Screenshot: Sarah Emerson
So a newish AI called AttnGAN makes me a very happy human. It’s a machine learning algorithm that was trained to produce images based on text input. The algorithm, a Generative Adversarial Network (GAN), was published in January by researchers at Microsoft’s Deep Learning Technology Center. Their work was also detailed in a paper posted to arXiv.org.
AttnGAN is supposed to visualize text-based captions, but it’s not very good at it—at times, horrifyingly so. To be fair, when researches trained the AI on a specific dataset, like images of birds, it was able to produce convincing renderings of birds. But when trained on a larger dataset of more diverse images, AttnGAN became artistically overwhelmed.
According to the company’s blog post:
Microsoft’s drawing bot was trained on datasets that contain paired images and captions, which allow the models to learn how to match words to the visual representation of those words.
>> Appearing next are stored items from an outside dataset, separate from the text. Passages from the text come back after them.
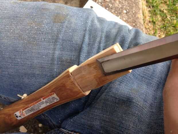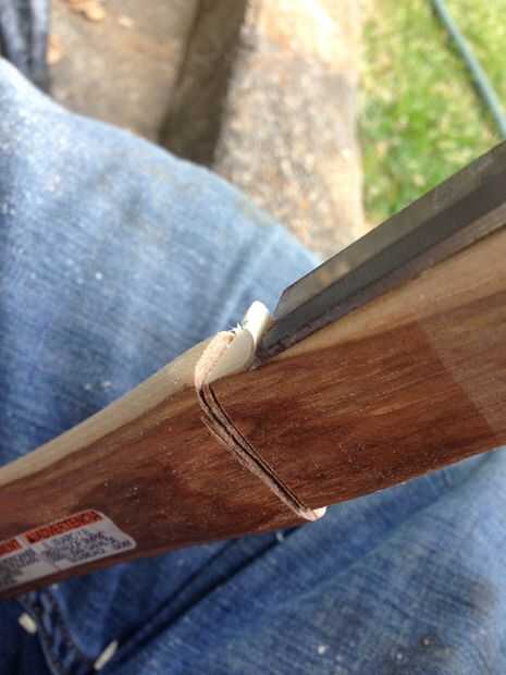 Es hora de montar el nuevo asa a la cabeza de martillo.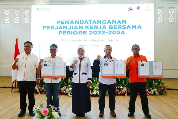 Menteri Ketenagakerjaan (Menaker), Ida Fauziyah menyaksikan Penandatanganan Perjanjian Kerja Bersama (PKB) Manajemen PT Pos Indonesia dengan Serikat Pekerja Pos Indonesia (SPPI) dan Serikat Pekerja Indonesia Kuat Bermartabat (SPPI–KB), di Jakarta, Senin (12/12/2022).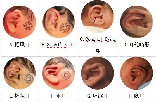 楊海弟副教授進(jìn)一步解釋說,新生兒耳廓形態(tài)畸形為胚胎期或生產(chǎn)時(shí)的外力因素所致,共有八大類型,分別為招風(fēng)耳、Stahl’s 耳、Conchal Crus 耳、耳輪畸形、杯狀耳、垂耳、環(huán)縮耳、隱耳。新生兒耳廓形態(tài)畸形常合并兩種或以上畸形,對(duì)其美觀性造成極大的影響。這些都是可以進(jìn)行矯正的類型。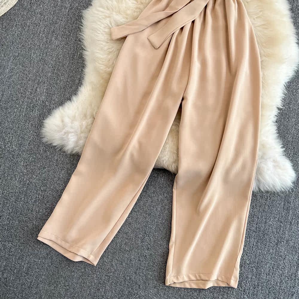Приталенный корсет, штаны, комбинезон, открытые плечи, высокая талия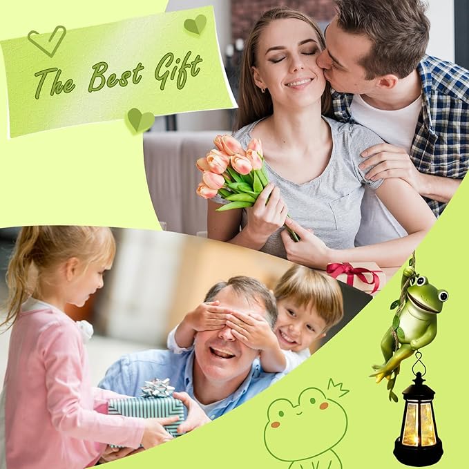 - 【Cute Climbing frog garden sculpture for wide use】- Total length 23.62 inch(60cm). The frog outdoor hanging decor in a vivid appearance, clutches a vine and holds a solar lantern. The vine comes with an “S” hook on the top, ensuring you can hang the solar garden statue anywhere you like to leave a lasting impression on your guests. The outdoor solar statues are perfect accents for Patio/ Home Windows/ Front Porch/ Backyard Decor, House Fences or Tree Branch Decorations outside.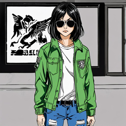 Mikasa Ackerman trades in her 3D maneuver gear for a stylish streetwear outfit, showcasing her fierce personality in a chic and edgy ensemble featuring a graphic t-shirt, distressed denim jeans, and oversized denim jacket with Survey Corps embroidery.

The GAN, for example, learns to generate an image of a bird when a caption says bird and, likewise, learns what a picture of a bird should look like.
The AI does okay with simple captions like “a cat.” But “the quality stagnates with more complex text descriptions such as a bird with a green crown, yellow wings and a red belly,” the researchers noted.
You can play around with AttnGAN thanks to a demo created by Cristóbal Valenzuela, a technologist and research resident at New York University. It’s part of a larger project, Runway, that enables AI to be used creatively. Valenzuela is also working on Marrow—an interactive web documentary that explores how AI might resemble our minds.
“The reason I'm building this is because I believe AI has a creative potential we aren't really exploring,” Valenzuela told me over Twitter DM.
The demo is pretty slammed right now, since everyone's creating their own compositions. If you want to see some truly Cubist works of artificial intelligence, I recommend this blog post from research scientist in optics, Janelle Shane.
“Besides some images being weird (if you type anything that has to do with humans),” Valenzuela said, “some people have been typing poetry, lyrics, books, quotes and getting more inspiring/poetic results.”
In addition to being a fun distraction, Valenzuela believes that AI can also be a practical tool. For example, Valenzuela added, this experimental project in creating synthetic characters for TV, movies, and animation.
As for why humans enjoy faffing around with AttnGAN and other AI, “[it] has a generative capacity that we as humans just enjoy watching,” Valenzuela told me.
“I guess this has to do with the fascination of having something not made of flesh that is able to understand the world and create meaningful content (at least for us).”